Similar String Groups

LeetCode Q 839 - Similar String Groups

Two strings X and Y are similar if we can swap two letters (in different positions) of X, so that it equals Y.

For example, “tars” and “rats” are similar (swapping at positions 0 and 2), and “rats” and “arts” are similar, but “star” is not similar to “tars”, “rats”, or “arts”.

Together, these form two connected groups by similarity: {“tars”, “rats”, “arts”} and {“star”}. Notice that “tars” and “arts” are in the same group even though they are not similar. Formally, each group is such that a word is in the group if and only if it is similar to at least one other word in the group.

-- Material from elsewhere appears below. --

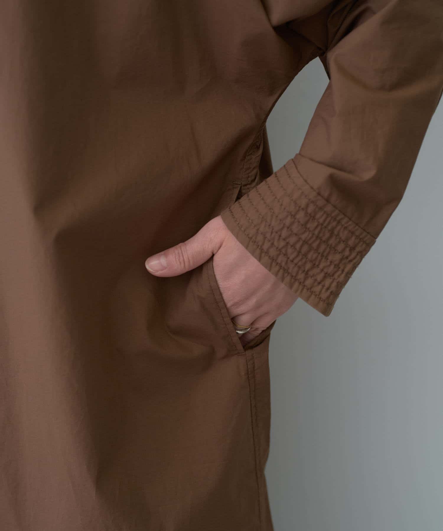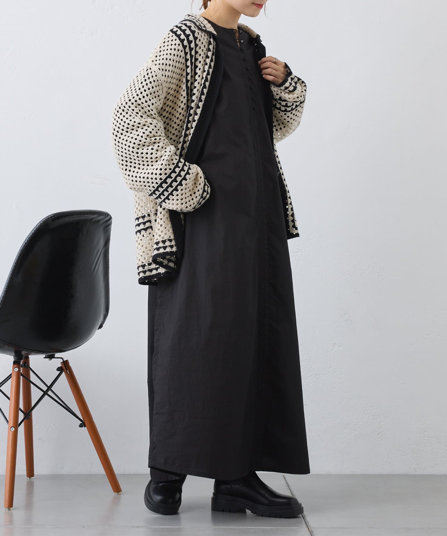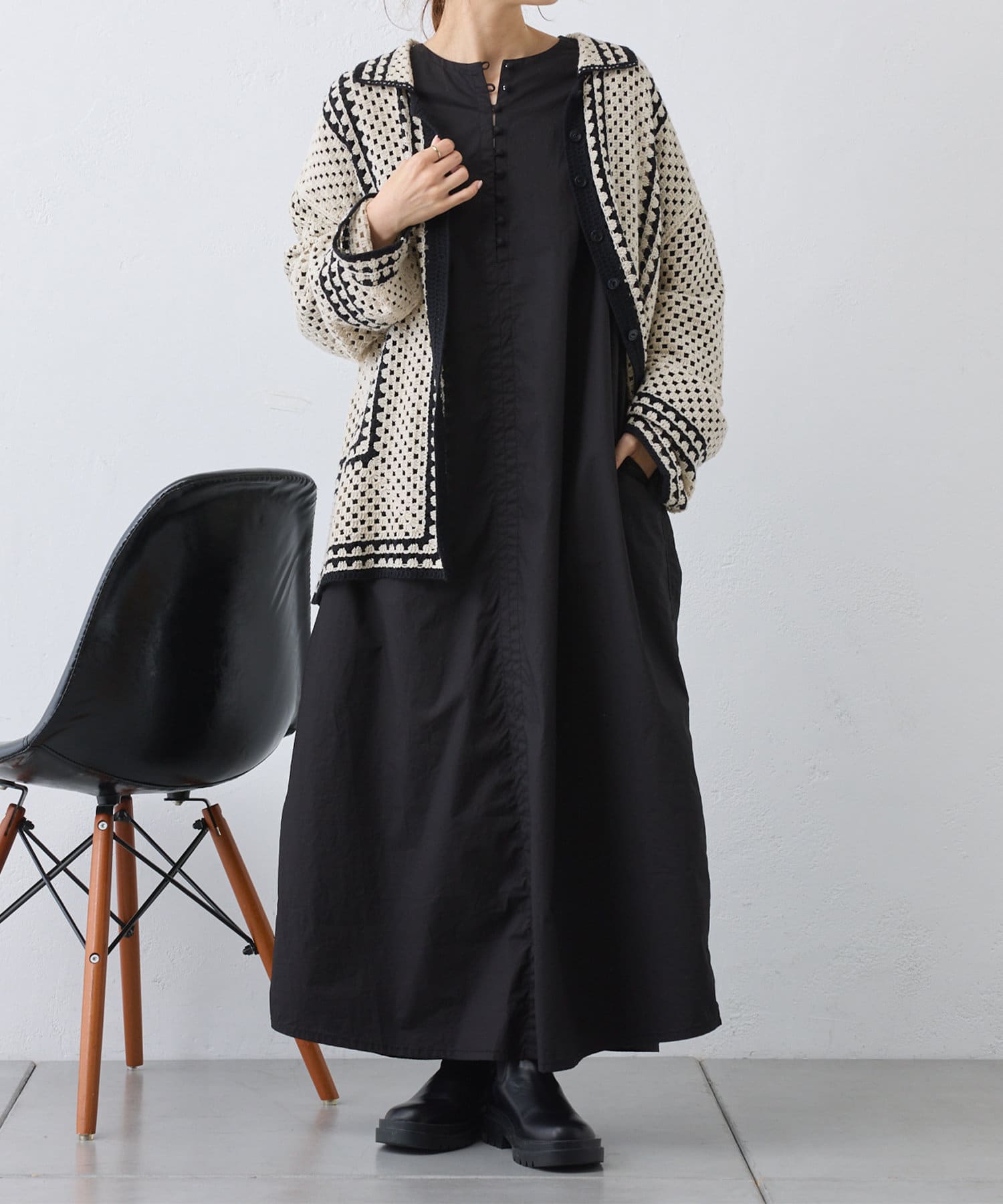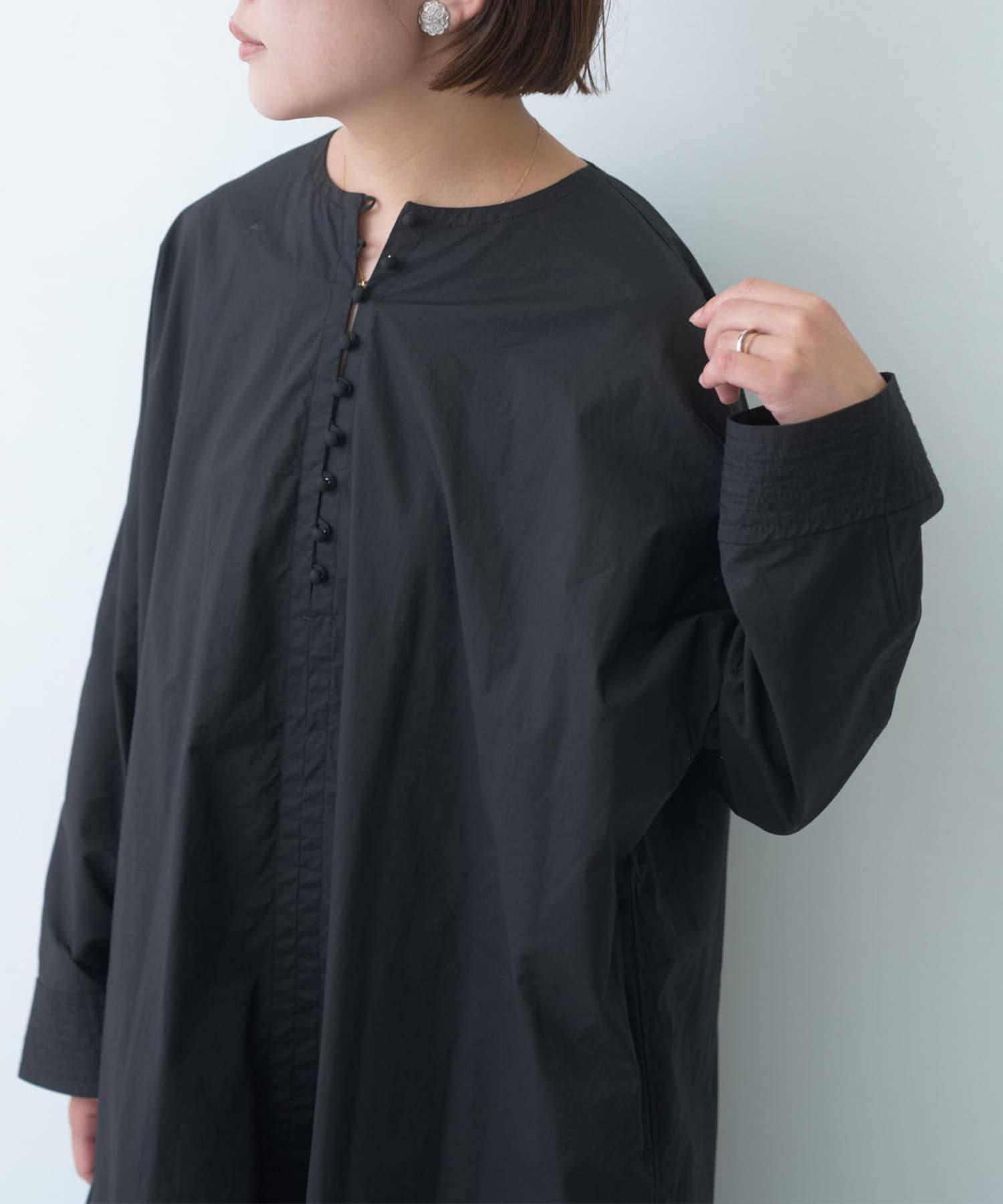 やや張り感のあるタイプライター生地で仕上げたロングワンピース。

We are given a list A of strings. Every string in A is an anagram of every other string in A. How many groups are there?

Example 1:
Input: ["tars","rats","arts","star"] ; Output: 2

Note:

• A.length <= 2000
• A[i].length <= 1000
• A.length * A[i].length <= 20000
• All words in A consist of lowercase letters only.
• All words in A have the same length and are anagrams of each other.
• The judging time limit has been increased for this question.

Solution

Solution 1: Disjoint Set / Union Find

Code:

class UnionFindSet {
	int[] parent;
	int count;
	public UnionFindSet (int size) {
		this.parent = new int[size];
		for (int i = 0; i < size; i++) 
			parent[i] = i;
	}
	
	public int find (int x) {
		if (parent[x] != x) parent[x] = find(parent[x]);
		return parent[x];
	}
	
	public void union (int x, int y) {
		int px = find(x), py = find(y);
		if (px != py) { parent[px] = py; count--; }
	}
}

public int numSimilarGroups(String[] A) {
	if (A == null || A.length <= 1) return A.length;
	
	UnionFindSet ufs = new UnionFindSet(A.length);
	ufs.count = A.length;
	
	Map<String, Integer> strToId = new HashMap<>();
	
	for (int i = 0; i < A.length; i++) {
		String word = A[i];
		strToId.putIfAbsent(word, i);
		for (String str: strToId.keySet()) {
			if (canGroup(str, word)) 
				ufs.union(strToId.get(str), i); 
		}
	}
	
	return ufs.count;
}

private boolean canGroup (String a, String b) {
	int res = 0, len = a.length();
	for (int i = 0; i < len; i++) 
		if (a.charAt(i) != b.charAt(i) && ++res > 2) 
			return false;
	return true;
}

Code: More concise code

public int numSimilarGroups(String[] A) {
	if (A == null || A.length <= 1) return A.length;
	
	UnionFindSet ufs = new UnionFindSet(A.length);
	ufs.count = A.length;
	
	for (int i = 0; i < A.length; i++) {
		for (int j = i + 1; j < A.length; j++) {
			if (canGroup(A[i], A[j]))
				ufs.union(i, j);
		}
	}
	
	return ufs.count;
}